## Work required
Word for word, write the records out again, but omit each picture.

## Data provided
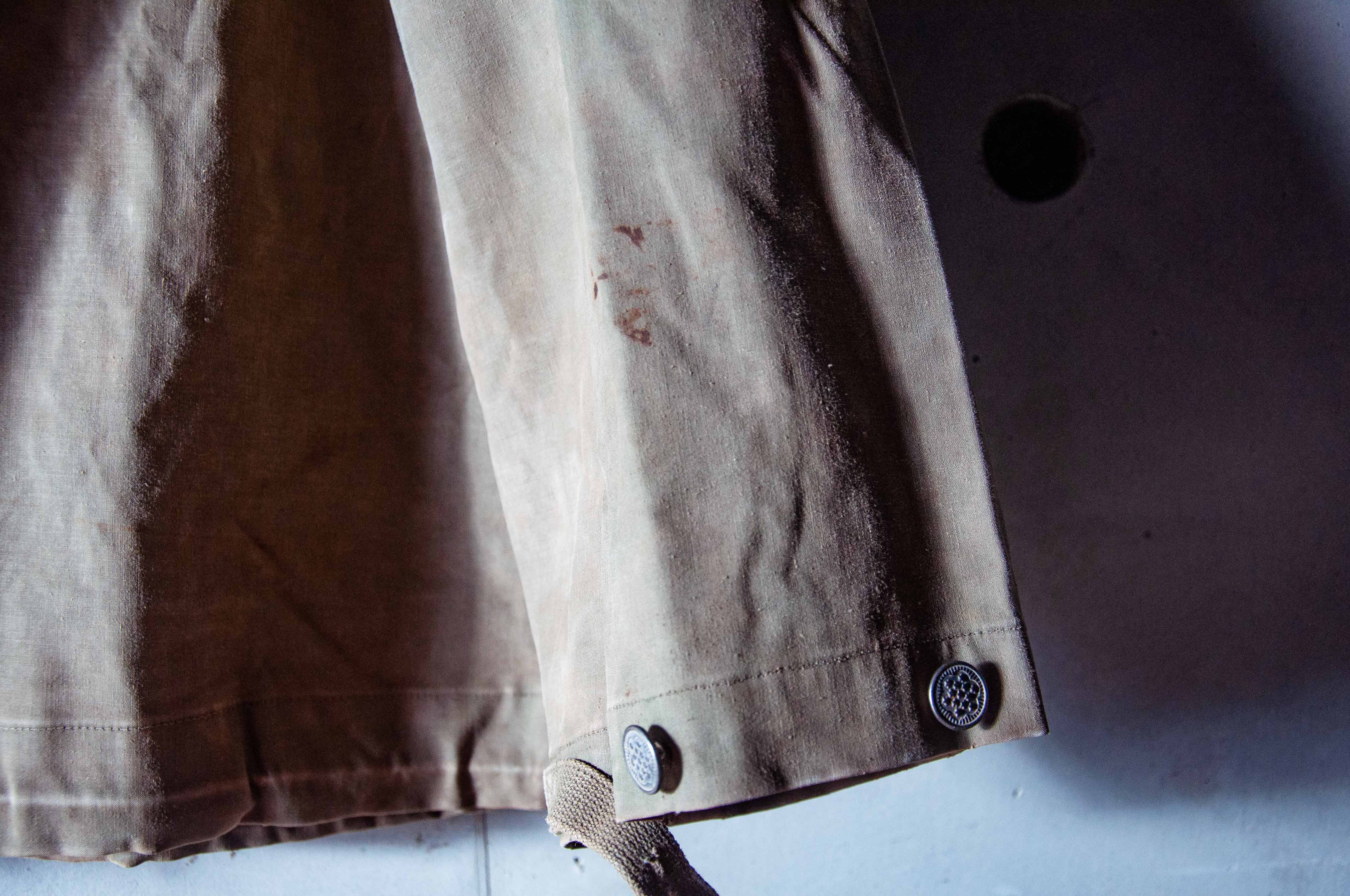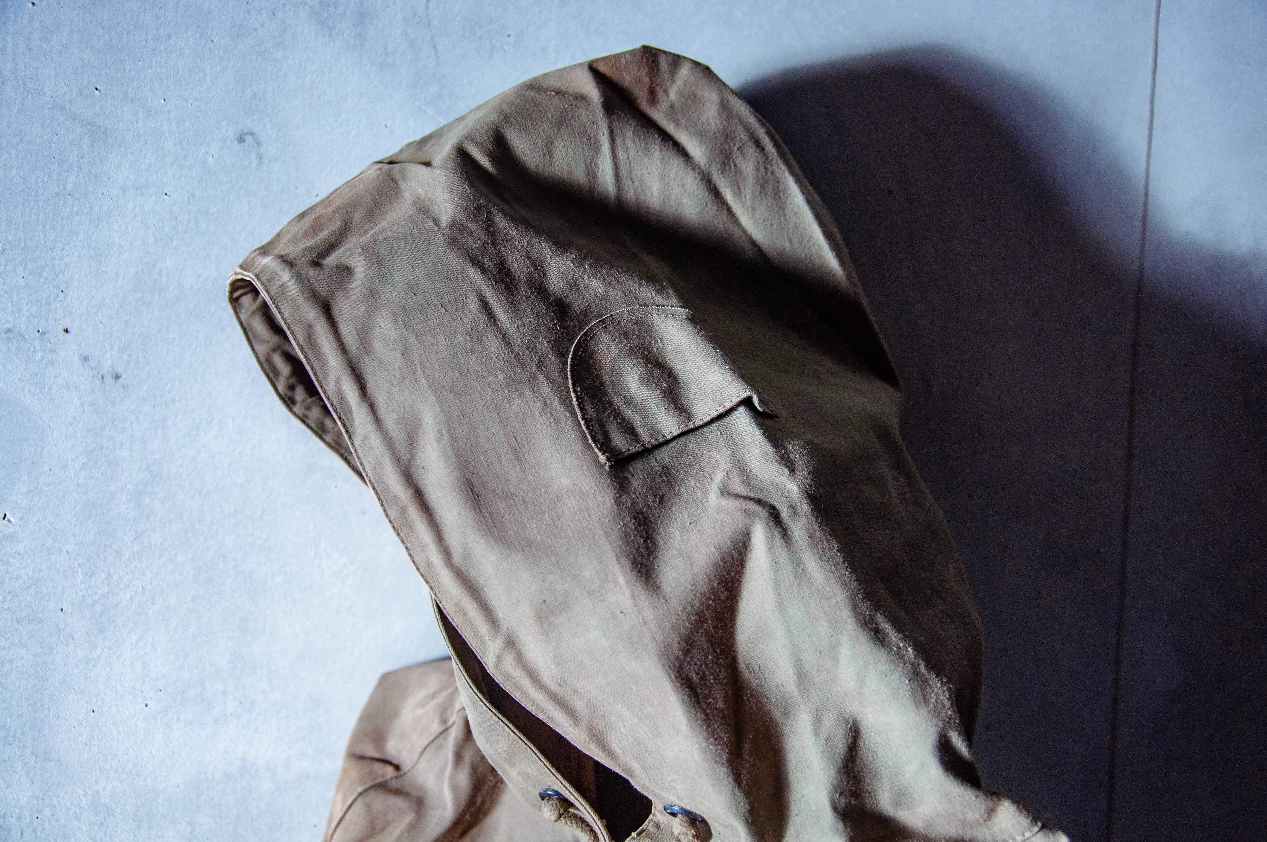 販售的這件以其將近 80 年的年紀來說品項有不錯的水準,留有因長年保存所造成的褪色及使用痕跡。五金方面袖口使用的十三星釦及胸前的鐵製勾扣,完整且狀況良好,左前方有一破損,內側接縫處的防水貼條完整,但請注意美軍這一系列的雨衣 Parka 不論全新庫存或退役品都多少存在一些原始石蠟經年留有的味道,能接受的朋友在購買前請務必暸解到這點。
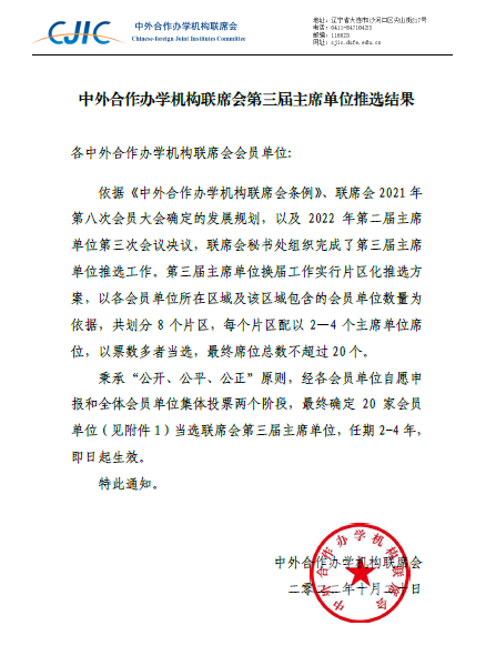 2022年10月,伟德国际1949始于英国连任中外合作办学机构联席会第三届主席单位,任期4年。中外合作办学机构联席会成立于2014年,联席会会员单位至今已发展至173家,对全国中外合作办学的规范、健康、有序和可持续发展起到了引领作用。
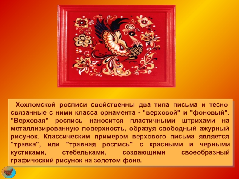 класса орнамента - "верховой" и "фоновый". "Верховая" роспись наносится пластичными штрихами на металлизированную поверхность, образуя свободный ажурный рисунок. Классическим примером верхового письма является "травка", или "травная роспись" с красными и черными кустиками, стебельками, создающими своеобразный графический рисунок на золотом фоне.
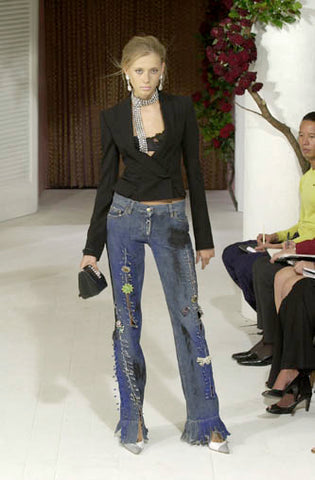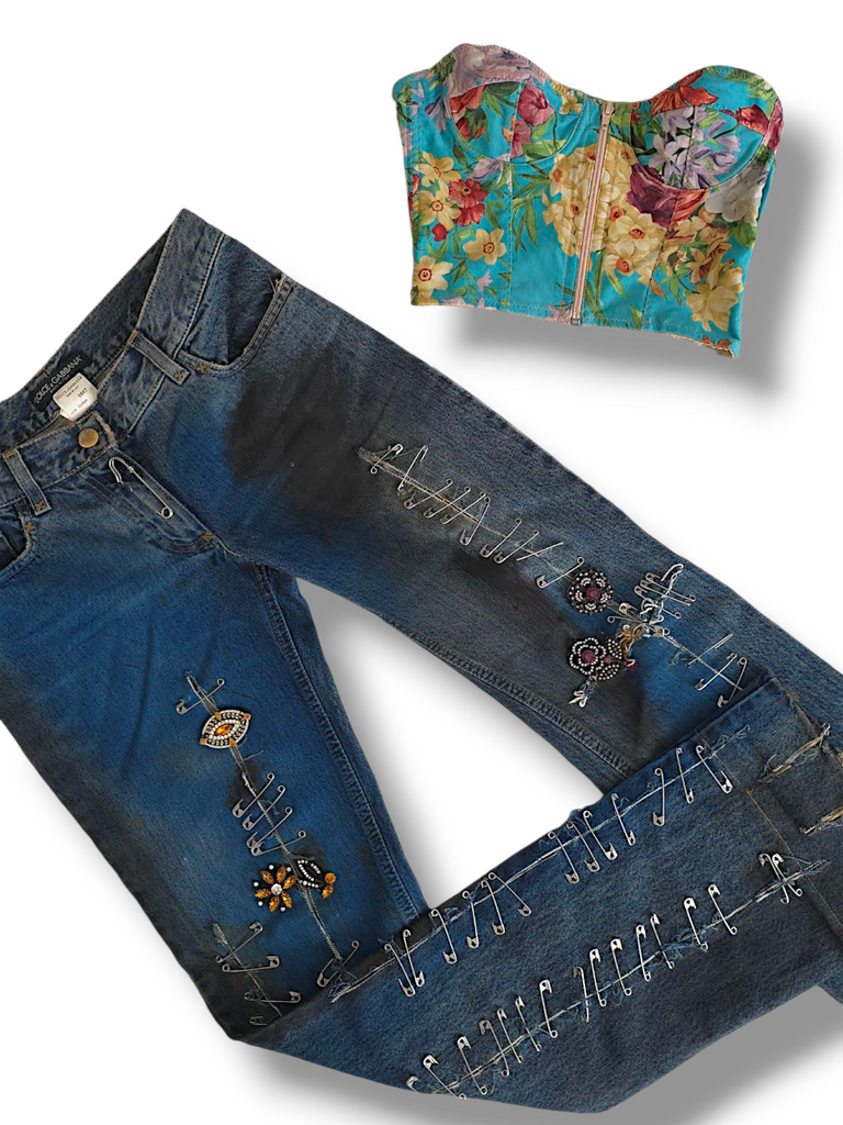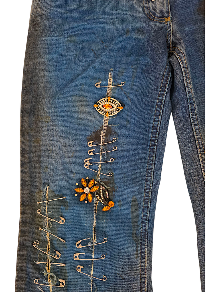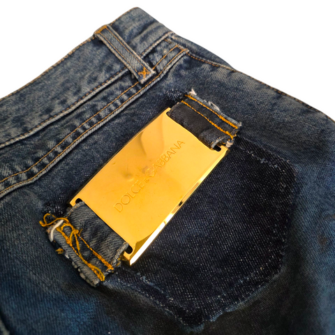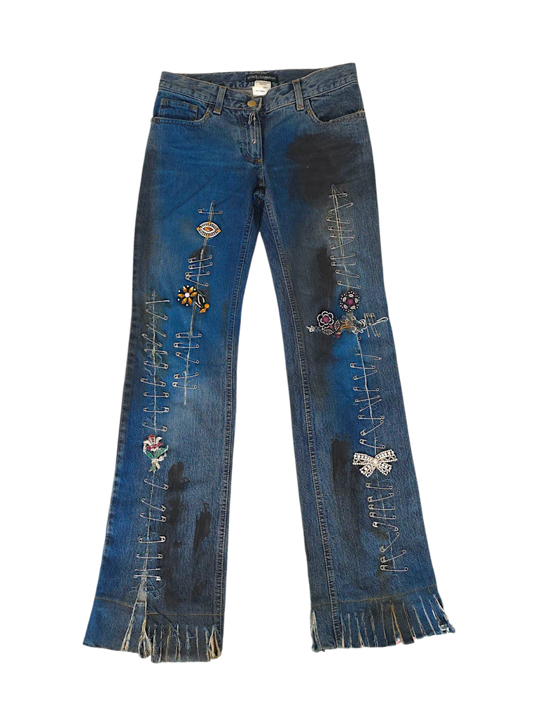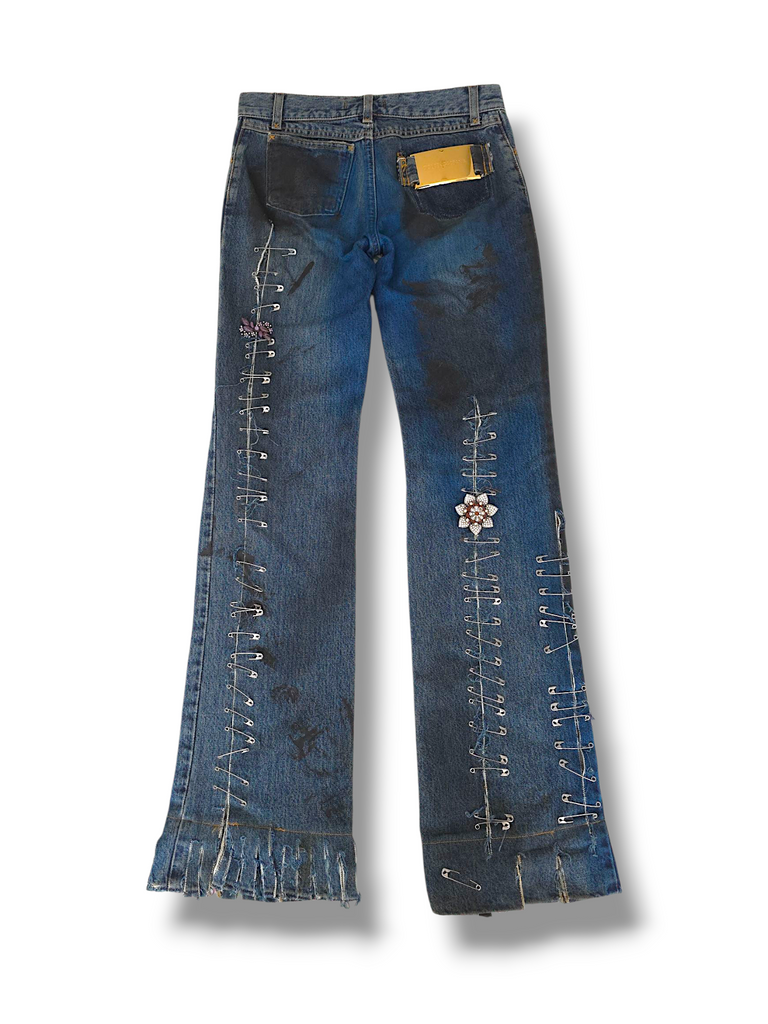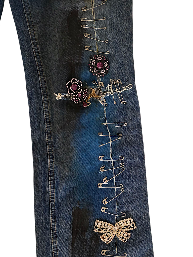 Dolce & Gabbana SS 2001 low-rise indigo painted denim pants with safety pins and crystal broches. throughout and cash wash pleated hem. Gold plated buckle on right back pocket with the logo imprinted. Embellished pants were seen on more than five model at their runway show, it was the main piece of the show.
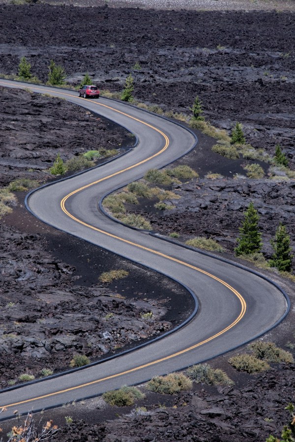Craters of the Moon Loop Road viewed from the Big Sink Overlook along Broken Top Loop Trail.
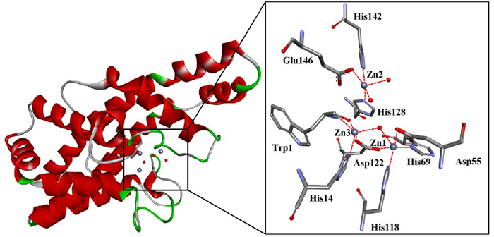 Figure 2. The PC-PLCBc structure (PDB: 1AH7). It has three catalytic Zn2+ ions and water (grey and red spheres) in the binding pocket. Image Credit: Charachakorn Eurtivong et al., in partnership with ELRIG (UK) Ltd.

## Completed task
 販售的這件以其將近 80 年的年紀來說品項有不錯的水準,留有因長年保存所造成的褪色及使用痕跡。五金方面袖口使用的十三星釦及胸前的鐵製勾扣,完整且狀況良好,左前方有一破損,內側接縫處的防水貼條完整,但請注意美軍這一系列的雨衣 Parka 不論全新庫存或退役品都多少存在一些原始石蠟經年留有的味道,能接受的朋友在購買前請務必暸解到這點。
 2022年10月,伟德国际1949始于英国连任中外合作办学机构联席会第三届主席单位,任期4年。中外合作办学机构联席会成立于2014年,联席会会员单位至今已发展至173家,对全国中外合作办学的规范、健康、有序和可持续发展起到了引领作用。
 класса орнамента - "верховой" и "фоновый". "Верховая" роспись наносится пластичными штрихами на металлизированную поверхность, образуя свободный ажурный рисунок. Классическим примером верхового письма является "травка", или "травная роспись" с красными и черными кустиками, стебельками, создающими своеобразный графический рисунок на золотом фоне.
 Dolce & Gabbana SS 2001 low-rise indigo painted denim pants with safety pins and crystal broches. throughout and cash wash pleated hem. Gold plated buckle on right back pocket with the logo imprinted. Embellished pants were seen on more than five model at their runway show, it was the main piece of the show.
Craters of the Moon Loop Road viewed from the Big Sink Overlook along Broken Top Loop Trail.
 Figure 2. The PC-PLCBc structure (PDB: 1AH7). It has three catalytic Zn2+ ions and water (grey and red spheres) in the binding pocket. Image Credit: Charachakorn Eurtivong et al., in partnership with ELRIG (UK) Ltd.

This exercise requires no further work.